Hello I have this question that I do not understand it well about Reduction in Haskell in this Function:

removeone :: Eq a = > a -> [ a ] -> [ a ]
removeone _ [] = [] 
removeone x ( y : ys ) 
   | x == y  =  removeone x ys
   | otherwise =  y : ( removeone x ys )

remdups :: Eq a = > [ a ] -> [ a ]
remdups [] = []
remdups ( x : xs ) = x : remdups ( removeone x xs )

how could I use this function to explain Reduction steps in a List (for example remdups [3,7,3,7,5,7])

CodePudding user response:

Start by remdups [3,7,3,7,5,7] and simplify the expression as to the left as possible. Remember that [x,y,z] is a shorthand for x:y:z:[]. Hence remdups (3:7:....) = 3 : remdups (removeone 3 (7:....)) = ... and now youl need to use the definition of removeone since no equation of remdups applies. After removeone generates a : or [], you will return to simplifying the remdups call.

One row is one reduction. In the comments are row numbers with reduction codes. My example uses a Outermost (lazy) reduction.

remdups [3,7,3,7,5,7]
3:remdups (removeone 3 [7,3,7,5,7]) -- 9
3:remdups (7:(removeone 3 [3,7,5,7])) -- 5
3:7:remdups (removeone 7 (removeone 3 [3,7,5,7])) -- 9
3:7:remdups (removeone 7 (removeone 3 [7,5,7])) -- 4
3:7:remdups (removeone 7 (7:(removeone 3 [5,7]))) -- 5
3:7:remdups (removeone 7 (removeone 3 [5,7])) -- 4
3:7:remdups (removeone 7 (5:(removeone 3 [7]))) -- 5
3:7:remdups (5:(removeone 7 (removeone 3 [7]))) -- 5
3:7:5:remdups (removeone 5 (removeone 7 (removeone 3 [7]))) -- 9
3:7:5:remdups (removeone 5 (removeone 7 (7:(removeone 3 [])))) -- 5
3:7:5:remdups (removeone 5 (removeone 7 (removeone 3 []))) -- 4
3:7:5:remdups (removeone 5 (removeone 7 [])) -- 2
3:7:5:remdups (removeone 5 []) -- 2
3:7:5:remdups [] -- 2
3:7:5:[] -- 8

For completeness, there are other reduction procedures.
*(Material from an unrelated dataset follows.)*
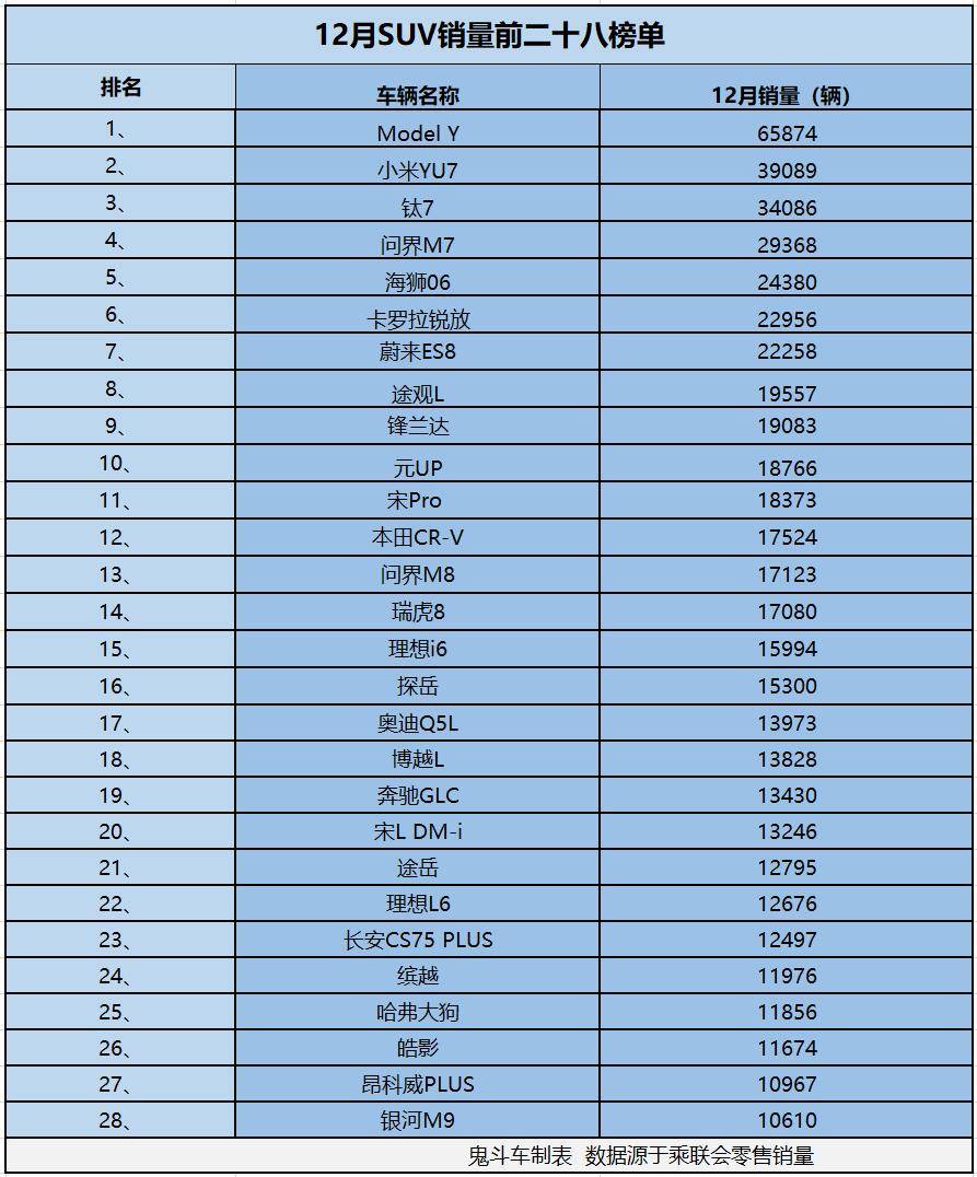 2025年12月的SUV零售市场数据正式公布,尽管整体消费市场呈现疲软态势,但SUV细分领域依然展现出强劲活力。乘联会数据显示,当月共有28款SUV车型销量突破万辆大关,其中新能源车型与个性化产品成为市场亮点。

For example leftmost-innermost (greedy) reduction. In this sample is the same result but for example head $ remdups [1..] greedy reduction would 'hang'. So as I know, that the leftmost-innermost is used only theoretically or for memory optimization:

remdups [3,7,3,7,5,7]
3:remdups (removeone 3 [7,3,7,5,7])
3:remdups (7:(removeone 3 [3,7,5,7]))
3:remdups (7:(removeone 3 [7,5,7]))
3:remdups (7:(7:(removeone 3 [5,7])))
3:remdups (7:(7:(5:(removeone 3 [7]))))
3:remdups (7:(7:(5:(7:(removeone 3 [])))))
3:remdups (7:(7:(5:(7:([])))))
3:remdups [7,7,5,7] -- shorthand
3:7:remdups (removeone 7 [7,5,7])
3:7:remdups (removeone 7 [5,7])
3:7:remdups (5:(removeone 7 [7]))
3:7:remdups (5:(removeone 7 []))
3:7:remdups (5:([]))
3:7:remdups [5] -- shorthand
3:7:5:remdups (removeone 5 [])
3:7:5:remdups ([])
3:7:5:remdups [] -- shorthand
3:7:5:[]
[3,7,5] -- shorthand

CodePudding user response:

In pseudocode, we have

rem1 x (x:t)  =   rem1 x t
rem1 x (a:t)  = a:rem1 x t                    ;  rem1 x [] = []

remdups (a:t) = a:remdups (rem1 a t)          ;  remdups [] = []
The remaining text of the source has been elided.